2人は改めて互いの手の指と指とを絡める。互いの存在を離したくなどないから、互いが互いの体温を感じていられるから。視線がぶつかると、2人して赤くなる辺りは、まだ初々しいだろう。だが、それでも2人は互いが互いを離したくなくて、手は繋いだままだ。そして、もう一度視線が合う――

 

 

 

 

 

 

 

 

 

「桜満ー、起きてるかー?」

 

 

「ちょ、先輩!!せめてノックくらいはして下さい!ここは病室なんですよ!?」

 

 

「そうだよ、古城君!だから、この前だって雪菜ちゃんに吹き飛ばされたんでしょ!」

 

 

「うーい、桜満ー、見舞いに来たぞー?」

 

 

「桜満君、起きてるー?あ、そうだ、基樹。フルーツ忘れたわ。あとで買ってきて」

 

 

ドアが開くと、ガヤガヤと大所帯の集団が入って来たでは無いか。病室にいた集と、いのりも流石に急いで手を離し、何も無かった体を装う。

 

 

集は若干なりとも、このタイミングを作り出した神を恨まずにはいられなかった。彼も一応は男なのだ。それが、意中の相手との空気をぶち壊されれば、腹も立つというもの。いのりは、彼女が今まで生まれてきて初めてと言えるほど、心臓の拍動が早鐘の様にバクバクと鳴っていた。彼女は頬を染め上げ、心臓を押さえつける様に、手で胸を押さえる。

 

 

「お、楪も来てたのか。って、桜満も目が覚めたんだな?」

 

 

「桜満先輩、おはようございます。ご気分如何ですか?」

 

 

「えーーと………と、取り敢えず、おはよう?」

 

 

 

 

 

 

 

 

 

 

 

 

ここは絃神島。
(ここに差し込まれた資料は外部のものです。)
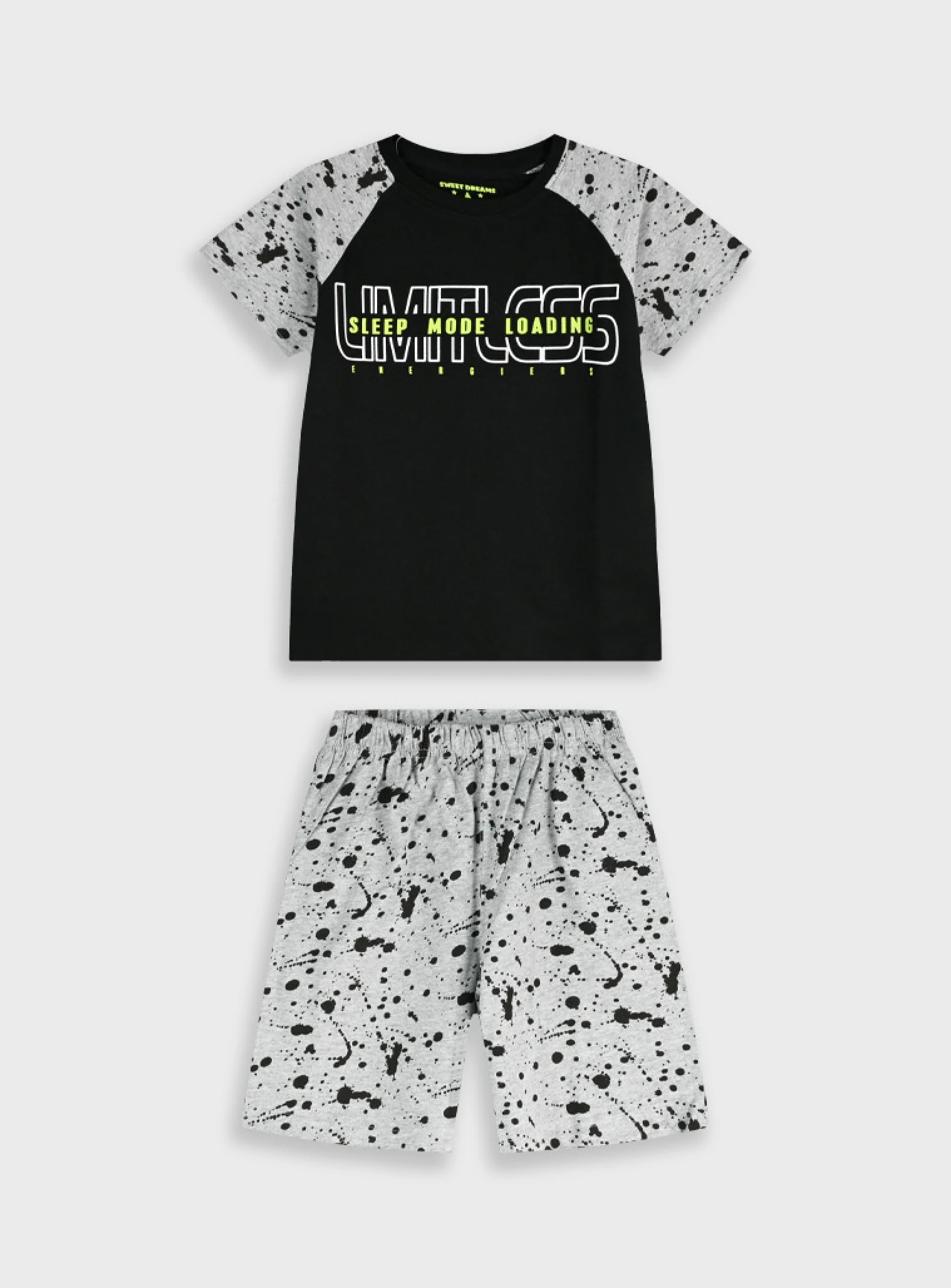 Σετ πυζάμα με κοντομάνικη μπλούζα με τύπωμα και εμπριμέ σορτς για αγόρι 100% ΒΑΜΒΑΚΙ

『焔光の夜伯(カレイド・ブラッド)』と『罪の王』が存在する魔族特区。そして、『罪の王』の『妃』たる彼女がいる島である。

 

 

 

 

 






惜しい!あともうちょいだったのに!(笑)


さてさて、前半ではややきな臭い事になってましたね。あれが如何なっていくのかも、今後楽しんで頂ければと思います。


さて、次回からは天使炎上編のスタートです!


次回更新は年明けですね。



ではでは、読者諸兄の方々!本年は本作にお付き合いいただき、誠にありがとうございました!来年も、本作をお楽しみいただければ、幸いです!


よいお年を!!!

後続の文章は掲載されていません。